**INPUT FOR THIS TASK**
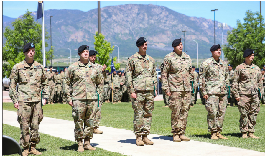
Soldiers with the 1st Battalion, 12th Infantry Regiment, 2nd Infantry Brigade Combat Team, 4th Infantry Division, received awards in front of their peers and leaders during a ceremony at Fort Carson, Colo., June 11, 2019.
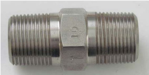
316 Stainless Ball Check 10 PSI ( \frac{1}{4} ", \frac{3}{8} ", \frac{1}{2} ", \frac{3}{4} ", 1")

316 Stainless Ball Check valve shown. The 316 Stainless 10 PSI O-Ring valve is identical in appearance except it is threaded to the hex nut part of the valve. The O-Ring valve comes in the same size orifices as the Ball Check valve and these sizes are approved for chemigation in Idaho.
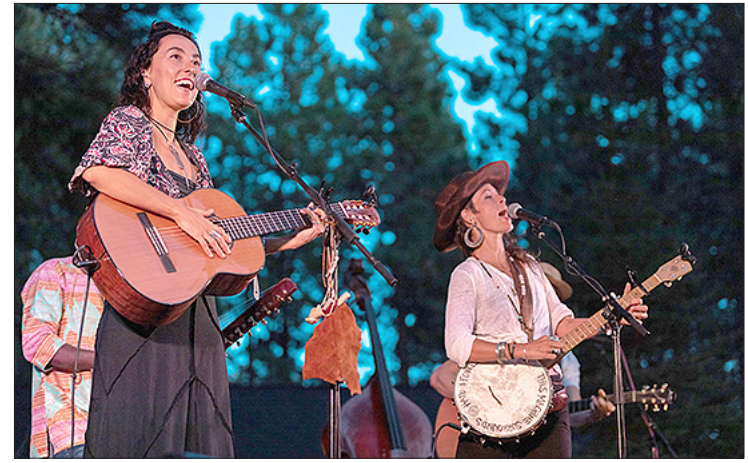
Rising Appalachia performed at the 2019 festival. Early-bird tickets for 2020 go on sale Monday, December 9.
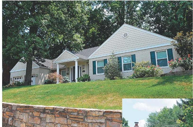
3 4914 Yorktown Boulevard, Arlington — $949,000
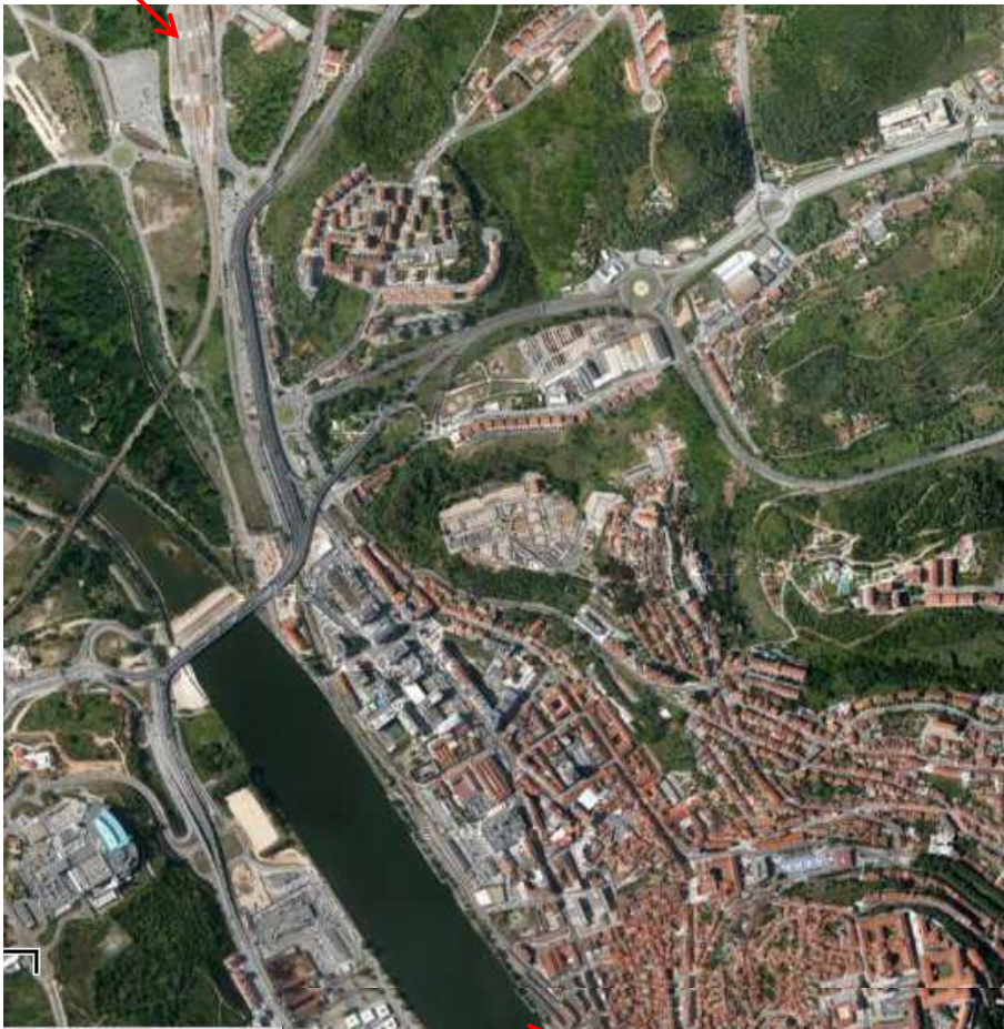
Central Train Station
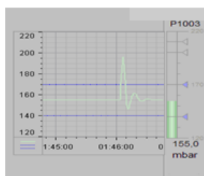
Trend display with bar graph supports decision-making
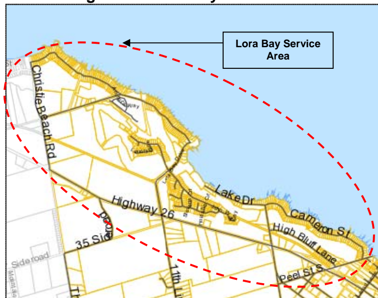
Figure #1- Lora Bay Service Area

Subsequent to the Phase II Report the Town retained Hatch Mott Macdonald (formerly AWS Engineers and Planners) to complete the engineering design for the required water and wastewater projects to service Phase 1 of Lora Bay (see Figure #1- Lora Bay Service Area). These projects included water servicing with a booster pumping station and reservoir located at the 10 th Line on Highway 26. Wastewater servicing would be provided by the Beaver River siphon, upgrades to The Mill Street Pumping station and wastewater collection from the 10 th line to the intersection of Huron and Victoria Streets in Thornbury.
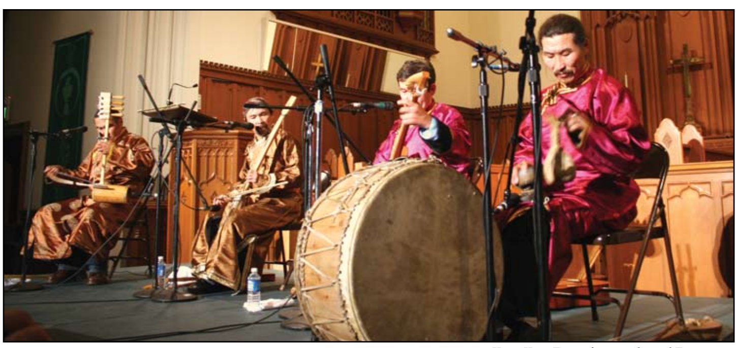
Turkish Adventure (Cont.)

In addition to the music, Lotus Festival also featured exhibitions of Tibetan and Mongolian culture sponsored by the Tibetan Cultural Center. Attendees could explore several traditional Mongol tent-like dwellings known as gers . Other items on display included two pieces of artwork often used as an aid for mediation in Tibetan Buddhism: a mandala made of colorful sand symbolically representing a Buddhist landscape and a thangka made of tiny beads depicting a Buddhist deity. Festival-goers also had the opportunity to view photographs of Tibet and Tibetan-style butter sculptures.
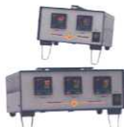
Temperature Control Consoles
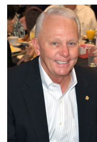
Sugar Land Mayor Jimmy Thompson
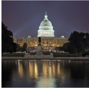
The SECURE Act may have the largest impact on retirement planning since the Pension Protection Act of 2006.
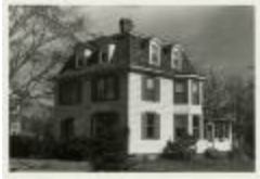
Bell House (MS 0061-25-04-004)
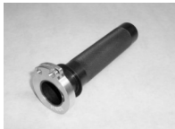
Quick-Turn Throttle Tube Opens faster than stock!

Here is our full range of G2 products. To order or learn more, please log on at www.g2ergo.com .
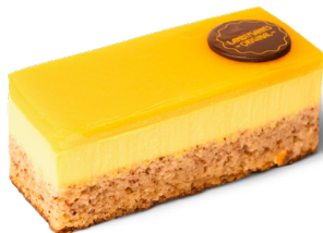
MANGO CAKE Vegan
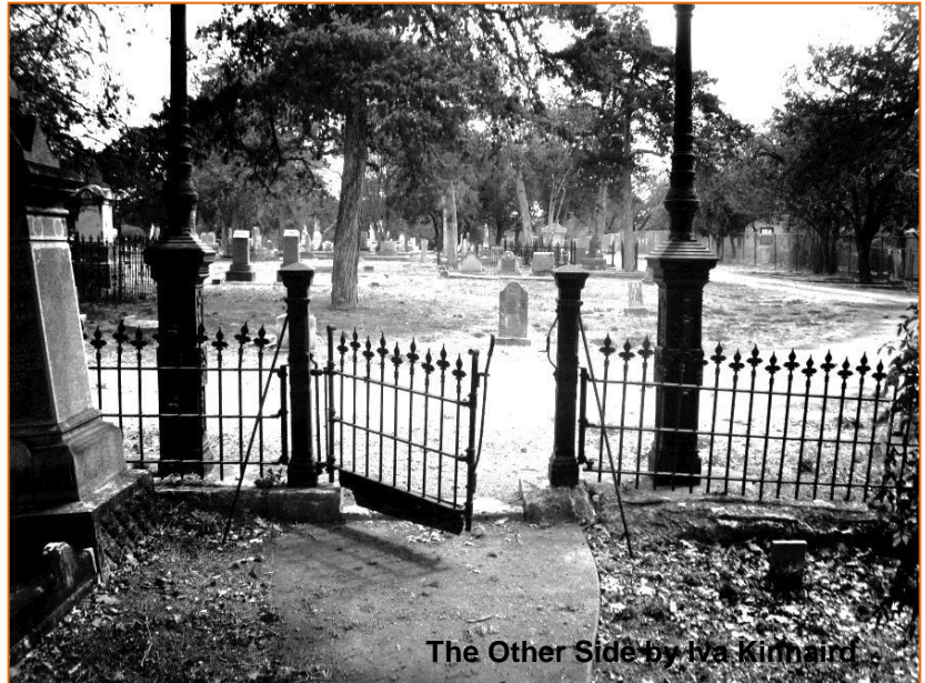
The Other Side by Iva Kinnaird

THANK YOU to all those shutterbugs who entered the contest and CONGRATULATIONS to those photos that received the top votes. Thanks for helping SAC increase public awareness and appreciation of the artistic and cultural value of Austin's city cemeteries.
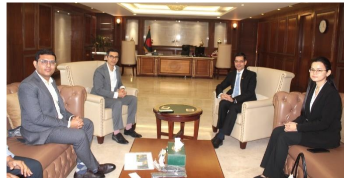
(Ambassador with Executive Chairman of BIDA)
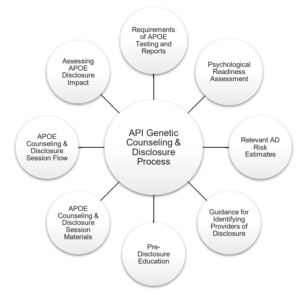
Fig. 1. Alzheimer's Prevention Initiative Genetic Counseling and Disclosure Process components. Abbreviations: APOE , apolipoprotein E; API, Alzheimer's Prevention Initiative; AD, Alzheimer's disease.
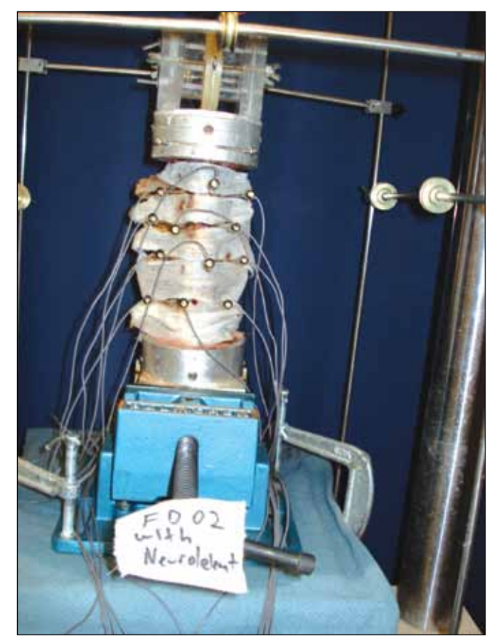
Figure 1: A representative specimen during biomechanics testing, optical markers for tracking motion are visible.

From the raw data, three parameters were generated from the quasistatic load-deformation data: angular ROM, lax zone (LZ, zone of ligamentous/soft tissue laxity), and stiff zone (SZ, zone of ligamentous/soft tissue stretching). The ROM can be divided into LZ and SZ, which thus are components of ROM. The LZ represents the low- stiffness portion of the typically biphasic load-deformation curve, while SZ represents the highstiffness portion (6). The LZ is similar to Panjabi's neutral zone,
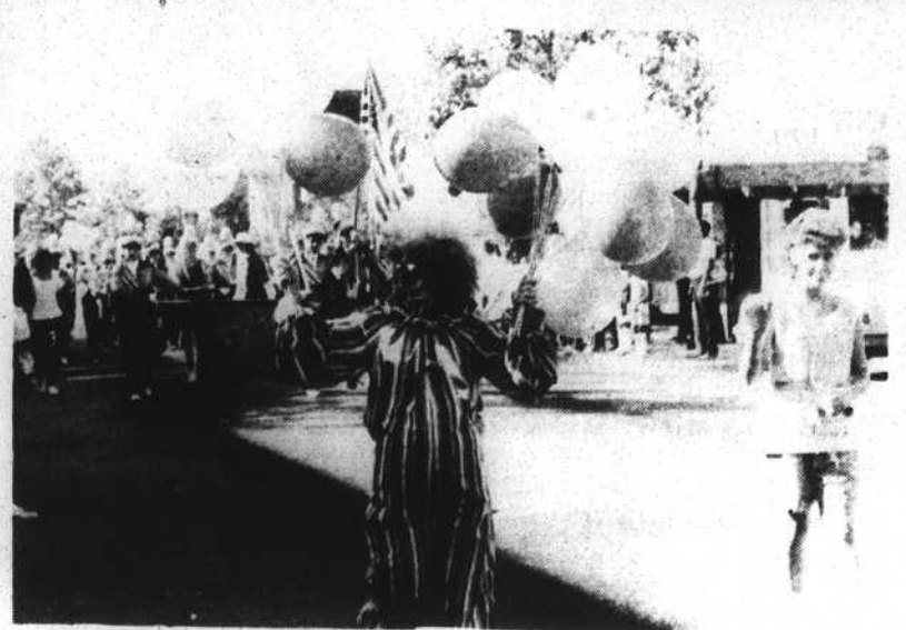
AND CLOWNS TOO—Parades feature floats, bands, horses and clowns. Saturday's Peanut Festival parade was no exception.
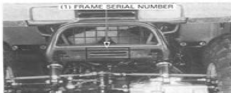
(1) FRAME SERIAL NUMBER

(3) The frame serial number is stamped on the front bumper.
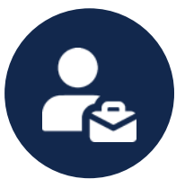
Xavier Commerce and Management Society (XCMS)
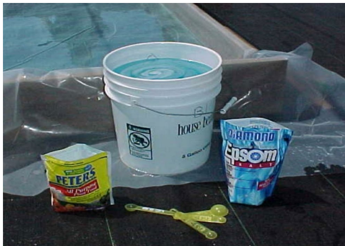
Figure 2. Nutrients needed for floating garden.
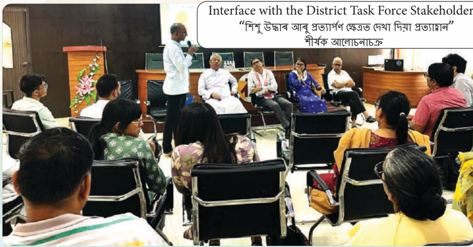
Interface with the District Task Force Stakeholders “শিশু উদ্ধাৰ আৰু প্ৰত্যাপন ক্ষেত্ৰত দেখা দিয়া প্ৰত্যাহ্বান” শীৰ্ষক আলোচনাচক্র

What actually happens in a CFG centre? Well, the teachers engage in tuition classes for children in the after-school hours. They help children to conduct ‘Children Parliaments’. Co-curricular activities coupled with life-skills are imparted. Counseling is made available for all the children. Children of Bamunimaidam CFG centre are seen in the above photo.

**WHAT NEEDS TO BE DONE**
Copy out every line from the material above where the string "Service" turns up.

**REPLY**
Figure #1- Lora Bay Service Area
Subsequent to the Phase II Report the Town retained Hatch Mott Macdonald (formerly AWS Engineers and Planners) to complete the engineering design for the required water and wastewater projects to service Phase 1 of Lora Bay (see Figure #1- Lora Bay Service Area). These projects included water servicing with a booster pumping station and reservoir located at the 10 th Line on Highway 26. Wastewater servicing would be provided by the Beaver River siphon, upgrades to The Mill Street Pumping station and wastewater collection from the 10 th line to the intersection of Huron and Victoria Streets in Thornbury.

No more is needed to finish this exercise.